■ Your instructions:
Quote every line of the data below as it stands, omitting pictures.

■ Data shown:
╔══

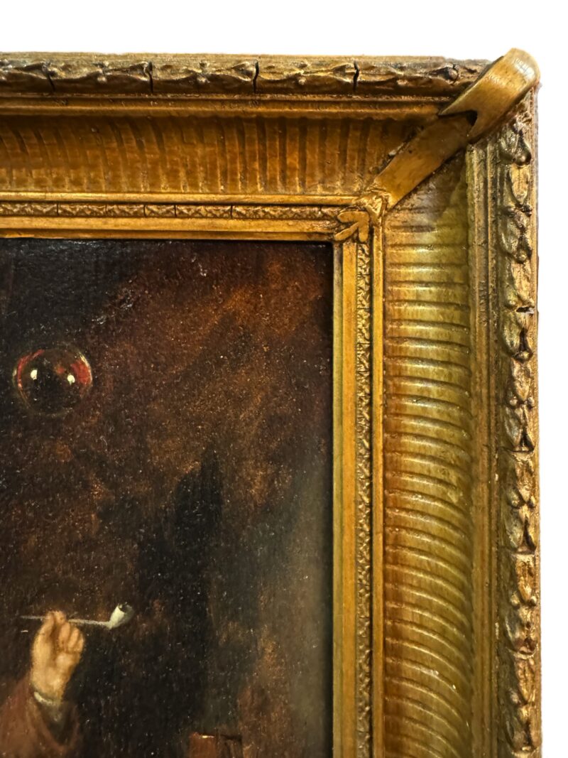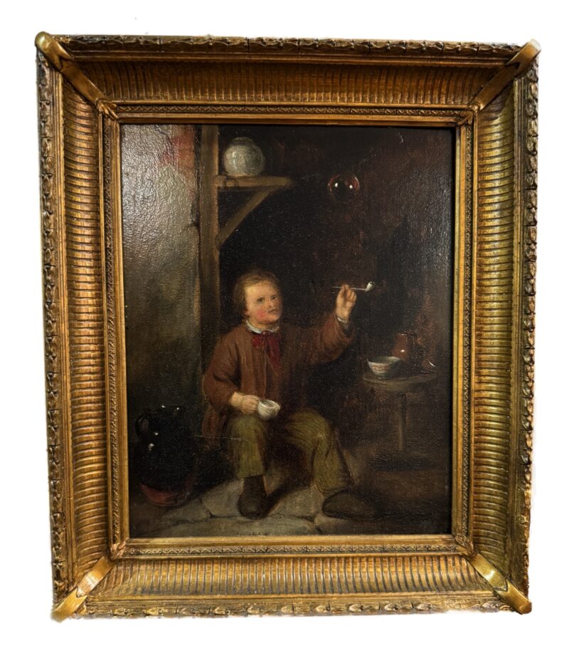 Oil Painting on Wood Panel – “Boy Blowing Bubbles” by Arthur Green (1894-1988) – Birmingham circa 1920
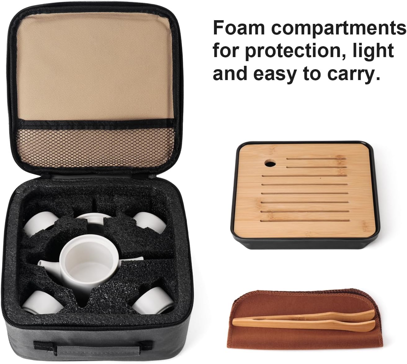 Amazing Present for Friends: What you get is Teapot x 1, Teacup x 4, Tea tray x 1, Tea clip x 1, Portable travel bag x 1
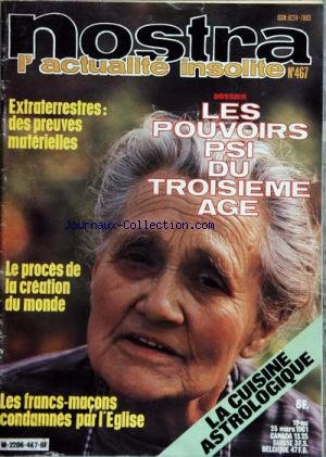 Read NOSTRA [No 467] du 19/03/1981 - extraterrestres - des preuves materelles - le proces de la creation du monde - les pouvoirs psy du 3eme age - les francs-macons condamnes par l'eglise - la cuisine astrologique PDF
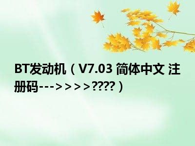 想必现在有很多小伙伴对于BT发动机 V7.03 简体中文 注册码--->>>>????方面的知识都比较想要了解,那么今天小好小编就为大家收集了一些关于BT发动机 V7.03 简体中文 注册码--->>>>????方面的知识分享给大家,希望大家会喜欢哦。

╚══

■ Finished task:
 Oil Painting on Wood Panel – “Boy Blowing Bubbles” by Arthur Green (1894-1988) – Birmingham circa 1920
 Amazing Present for Friends: What you get is Teapot x 1, Teacup x 4, Tea tray x 1, Tea clip x 1, Portable travel bag x 1
 Read NOSTRA [No 467] du 19/03/1981 - extraterrestres - des preuves materelles - le proces de la creation du monde - les pouvoirs psy du 3eme age - les francs-macons condamnes par l'eglise - la cuisine astrologique PDF
 想必现在有很多小伙伴对于BT发动机 V7.03 简体中文 注册码--->>>>????方面的知识都比较想要了解,那么今天小好小编就为大家收集了一些关于BT发动机 V7.03 简体中文 注册码--->>>>????方面的知识分享给大家,希望大家会喜欢哦。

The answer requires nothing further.